The ASAE’s post-frame members were able to include several key code reference standards relating to diaphragm design, post foundations, terminology, and nail-laminated posts. But with few, if any, post-frame professionals still members of the ASABE (they have since been renamed American Society for Agricultural and Biological Engineers) there is no one to assure that the codes will be maintained.
Cautions Bender: “These standards have to be revised periodically to stay listed in the codes. And there is hardly anyone left to run that operation in the ASABE.”

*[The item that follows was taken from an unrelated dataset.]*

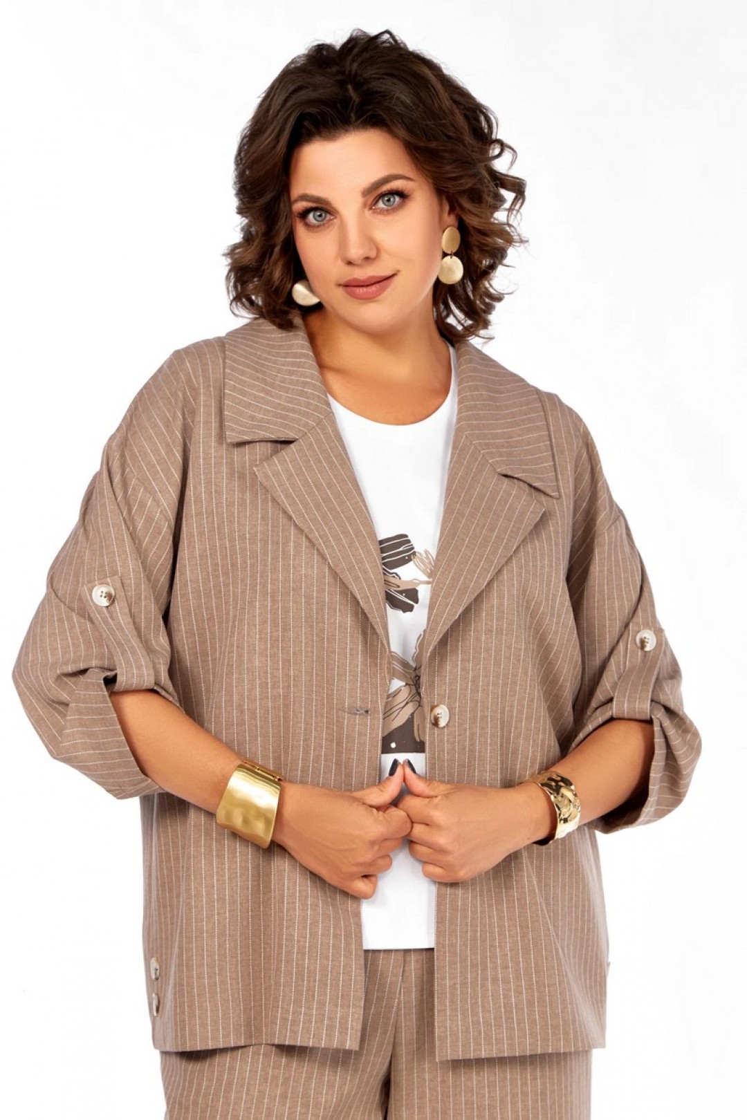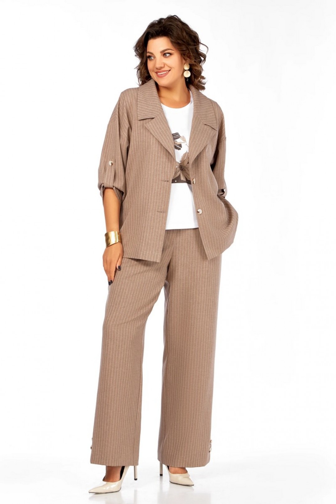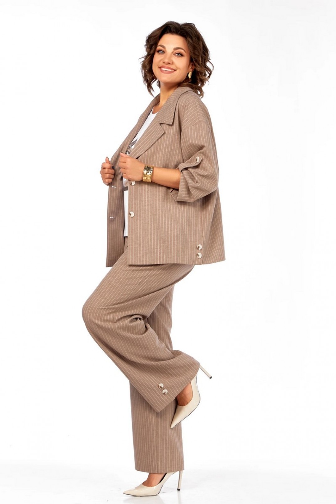 Стильный комплект 3-ка. Жакет прямого силуэта, воротник с лацканали, застежка на две пуговицы, в боковых швах имитация шлиц с двумя пуговицами. Рукав спущенного кроя, три-четверти с патой на 1 пуговицу. Брюки свободного кроя на резинке, карманы в боковых швах, по низу имитации шлиц и две пуговицы. Блуза из креповой ткани с интересным принтом.

Woeste explained further: “The standards are maintained by an ASABE Committee, composed of largely university faculty interested in post-frame research. With the demise of structures faculty in universities, these standards are at risk because they must be revised and re-approved on a periodic schedule. If the standards are dropped due to the lack of maintenance, they will be dropped and removed from the IBC on its revision schedule. Without these standards in the IBC, all post-frame builders, both large and small, will be back to ‘square one’ trying to justify their post-frame plan submittal at the local building department.”
Is This the 11th Hour for the Industry?
Both Woeste and Bender were asked if the post-frame industry was entering its 11th hour. Woeste agreed that it was. Said Bender: “It’s 11:30.”
With his own retirement decisions not that far on the horizon, Bender added: “I really have a spot in my heart for this industry. There are so many people, not me alone, but in academia and in the industry, who have given so much to get post frame to where it is today that I hate to give up. It pains me that we would lose ground. That’s all that motivates me.”
NOTE: Frame Building News reached out to the National Frame Building Association for comment. The NFBA issued the following comment: “The NFBA Board, with input from the Technical and Research Committee, is aware of the issues raised in this article. NFBA launched several initiatives in recent years to expose and educate current and aspiring, structural engineers to post-frame construction. A review of the NFBA’s initiatives and opportunities will be addressed in the August issue of FBN.”
This article appears in the June 2019 issue of Frame Building News. Reprinted with permission.